Love and hate are two extremes that bring different colours to our eyes and chaos to our thoughts and hearts, triggering an assortment of behaviours that we sometimes struggle to understand, let alone others. The most mature and experienced minds can fall trap to it at any given moment, triggering a surge of energy and/or entangled thoughts. The triggered behaviours can bring great gifts or cause great harm to ourselves and others, sometimes intentionally, other times not.
The heart. The soul. That intangible thing. Whatever you want to call it. It can be provoked and manipulated, again, by ourselves and others. Influenced by the words of others and/or impulsed by inflatuation, sexual throes and attraction that blindside us. There’s also the punch of our ego and vices and habits that auto-pilot us into tumultuous predicaments, a strange flow state where we don’t know where we’ve been and how we’ve ended up there. We just slept walked into something. There’s a moment we need to stop. Breathe. Untangle the knots. Let go.
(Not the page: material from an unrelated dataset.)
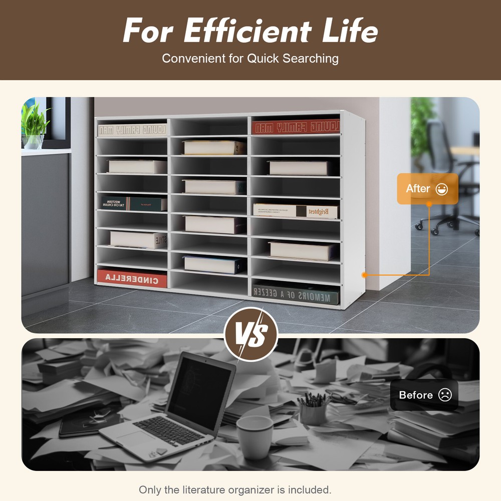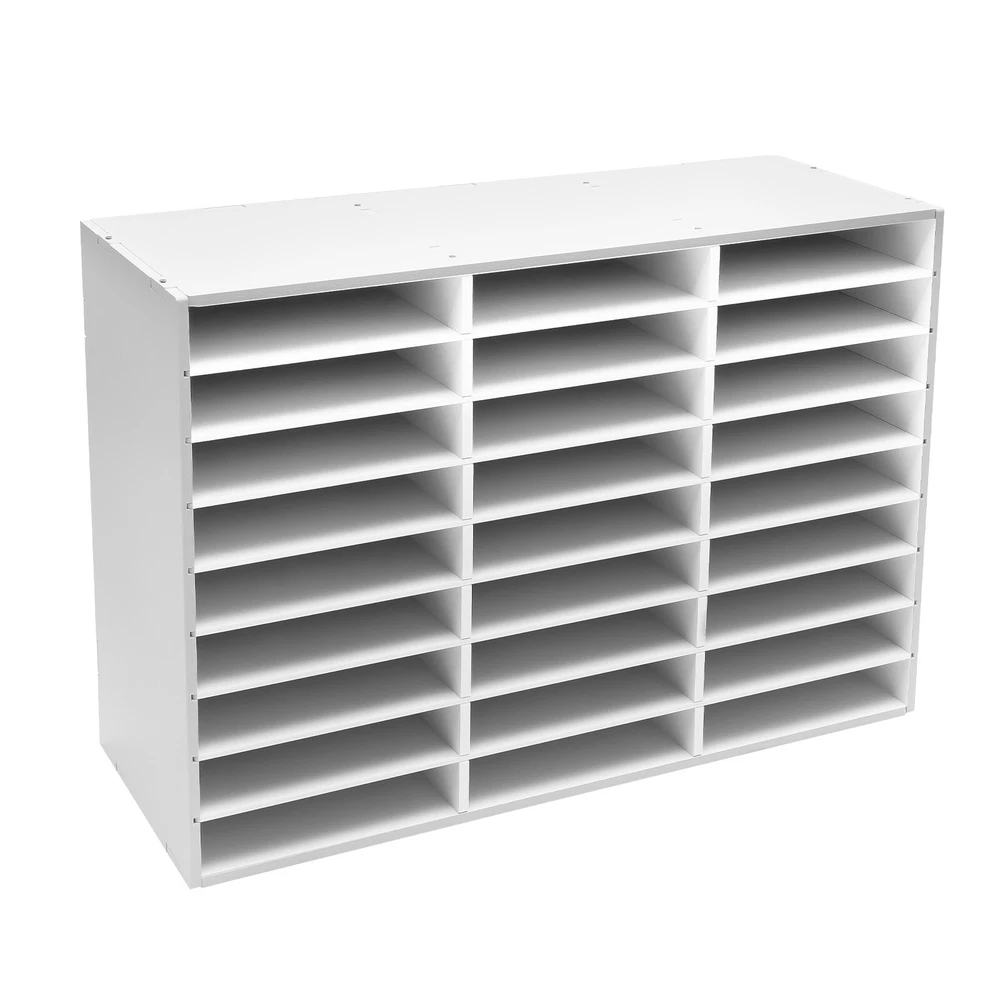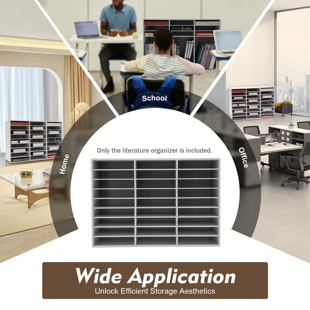 This literature storage rack is a game-changer for organizing papers! The sturdy PVC construction holds up to 600 sheets per slot, and the 27 compartments keep everything neatly sorted. Assembly was straightforward with the included tools, and the anti-slip pads add stability. Perfect for classrooms or offices—highly recommend for anyone needing serious storage!
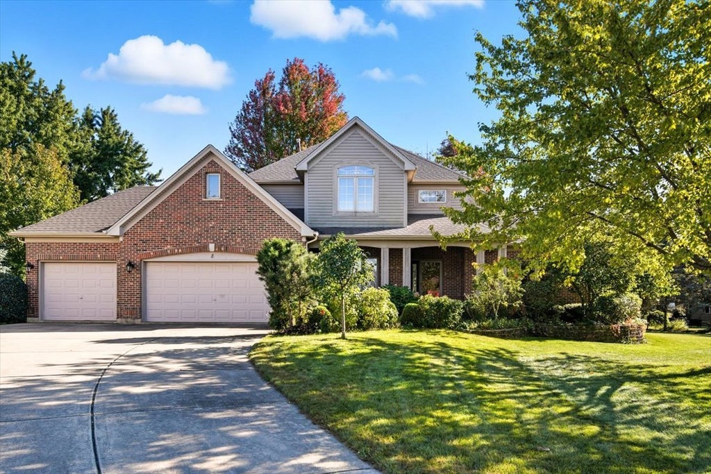Beautiful Brick-Faced Home in the Highly Desirable Prestbury Subdivision! Impressive 3-bedroom, 2.1-bath home with a 3-car garage, situated on a quiet cul-de-sac. The subdivision offers a clubhouse, pool, pickleball/tennis courts, basketball and a scenic pond/lake - all within minutes of I-88, golf, and shopping. This home features a spacious main-level primary master suite with a large walk-in closet and an oversized master bath. The two-story living room with fireplace is grand and inviting, hardwood floors throughout most of the main level, and an open kitchen leading to a beautiful deck - perfect for outdoor relaxation or entertaining. The full English basement with 9' ceilings is roughed in for a full bathroom and ready for your finishings, offering potential for a 4th bedroom or recreation space. The second-floor bedroom includes huge and unique walk-in closet that can be converted to a den or playroom. Laundry room is perfect for storing everything. Excellent location, beautiful setting, and endless potential - this home has it all! Being Sold As-Is.

People. Humans. They affect our love and hate. They build you up and let you down, let you in and let you out, and you do the same to others. Again, sometimes intentionally, sometimes not. It’s an inevitable part of life. People can be intrinsically great or instrincically awful, and carry out acts that demonstrate that inner goodness or badness, or sometimes unconsciously do bad things when they are good people, or good things when they are bad. People are just that way. Entrances and exits of beings in our lives. Sometimes with consent, sometimes with reluctance. Sometimes a connection evolves into something else, sometimes it is saying goodbye, having closure. Sometimes it doesn’t close the way we want or expect. Sometimes the goodbye comes without uttering or hearing the words, because you didn’t think it was the end at the time, or you didn’t get a chance to say adieu, for one reason or other. It’s about accepting. Again, it’s a time to let go.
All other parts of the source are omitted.